Items listed in a dataset

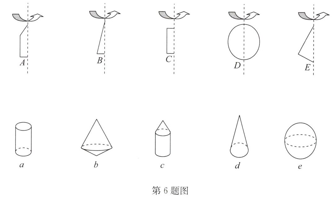 6. 将第一行的图形绕轴旋转一周,便得到第二行的几何体,用线连一连.
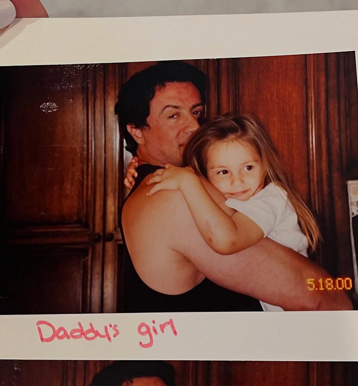From her earliest days, Sophia has brought warmth and vibrancy into the family. The photos Sly shared—Sophia cuddling with the family dog, sharing laughter at Christmas, and grinning during sunlit games of golf—are not just snapshots, but cherished milestones. Each photo is a memory of “Daddy’s girl,” as one old Polaroid fondly puts it. These moments tell the truth about their bond: loving, supportive, unwavering.
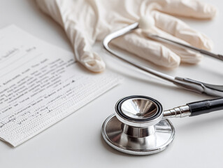 A stethoscope rests on a medical document beside a pair of white latex gloves, symbolizing healthcare, patient examination, and the importance of proper medical documentation and hygiene.
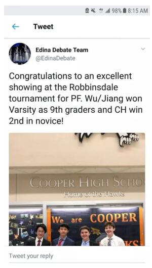 Evan和Isaac均来自美国明尼苏达州,现读于Edina High School,他们的高中学校为了庆祝和分享他们辩论赛第一名的好消息,还特意发布在了官方Tweet上。(翻译:祝贺PF在robbinsdale联赛的优异表现。Wu/Jiang作为9年级学生 赢得高中代表队,CH获得新选手第二名!)
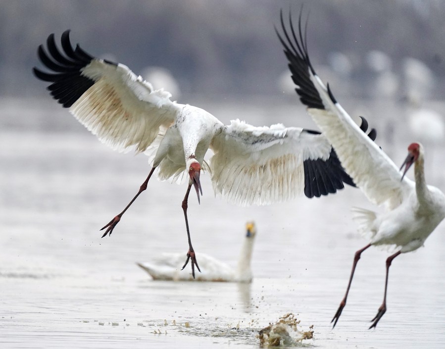 White cranes frolic at Nanchang Five Stars Siberian Cranes Sanctuary by the Poyang Lake in Nanchang, east China's Jiangxi Province, Jan. 1, 2022. (Xinhua/Wan Xiang)
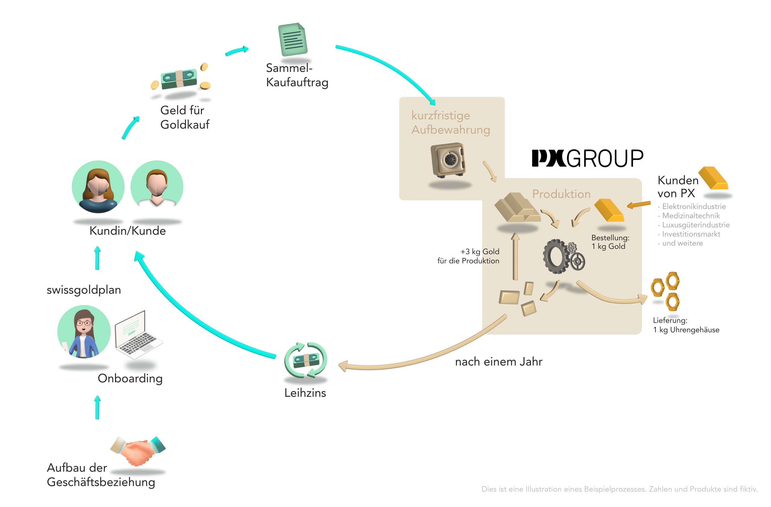 Ihr physisches Gold leihen Sie unserem Industriepartner PX PRECINOX SA aus. Das Gold wird in der Herstellung von Produkten für die Luxus-, Bijouterie- und Uhrenindustrie, die Medizinaltechnik und industrielle Applikationen im allgemeinen verwendet.

Exercise
Please repeat every record exactly as it stands, leaving out any pictures.

Task solution
 6. 将第一行的图形绕轴旋转一周,便得到第二行的几何体,用线连一连.
From her earliest days, Sophia has brought warmth and vibrancy into the family. The photos Sly shared—Sophia cuddling with the family dog, sharing laughter at Christmas, and grinning during sunlit games of golf—are not just snapshots, but cherished milestones. Each photo is a memory of “Daddy’s girl,” as one old Polaroid fondly puts it. These moments tell the truth about their bond: loving, supportive, unwavering.
 A stethoscope rests on a medical document beside a pair of white latex gloves, symbolizing healthcare, patient examination, and the importance of proper medical documentation and hygiene.
 Evan和Isaac均来自美国明尼苏达州,现读于Edina High School,他们的高中学校为了庆祝和分享他们辩论赛第一名的好消息,还特意发布在了官方Tweet上。(翻译:祝贺PF在robbinsdale联赛的优异表现。Wu/Jiang作为9年级学生 赢得高中代表队,CH获得新选手第二名!)
 White cranes frolic at Nanchang Five Stars Siberian Cranes Sanctuary by the Poyang Lake in Nanchang, east China's Jiangxi Province, Jan. 1, 2022. (Xinhua/Wan Xiang)
 Ihr physisches Gold leihen Sie unserem Industriepartner PX PRECINOX SA aus. Das Gold wird in der Herstellung von Produkten für die Luxus-, Bijouterie- und Uhrenindustrie, die Medizinaltechnik und industrielle Applikationen im allgemeinen verwendet.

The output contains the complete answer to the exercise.